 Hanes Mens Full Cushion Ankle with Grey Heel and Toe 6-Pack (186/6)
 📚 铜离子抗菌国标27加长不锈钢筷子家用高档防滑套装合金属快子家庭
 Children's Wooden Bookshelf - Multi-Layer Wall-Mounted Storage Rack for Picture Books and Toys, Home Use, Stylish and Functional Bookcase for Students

---

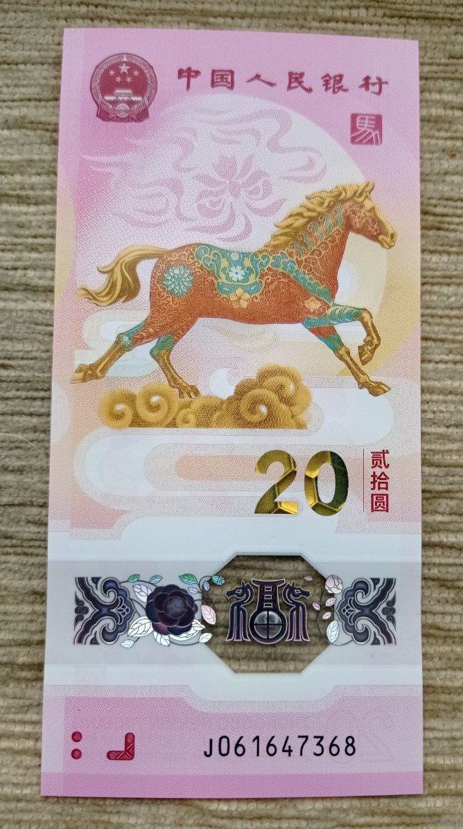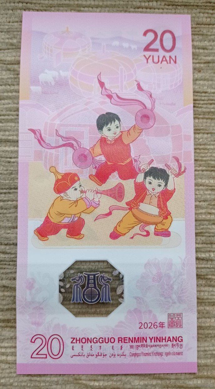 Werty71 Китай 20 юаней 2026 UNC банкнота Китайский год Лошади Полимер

* ACTION ITEM:
Give back, unchanged, the run of lines in the listing above that begins at the line containing "Hanes Mens Full" and ends at the line containing "Children's Wooden Bookshelf", both included.

* OUTPUT:
 Hanes Mens Full Cushion Ankle with Grey Heel and Toe 6-Pack (186/6)
 📚 铜离子抗菌国标27加长不锈钢筷子家用高档防滑套装合金属快子家庭
 Children's Wooden Bookshelf - Multi-Layer Wall-Mounted Storage Rack for Picture Books and Toys, Home Use, Stylish and Functional Bookcase for Students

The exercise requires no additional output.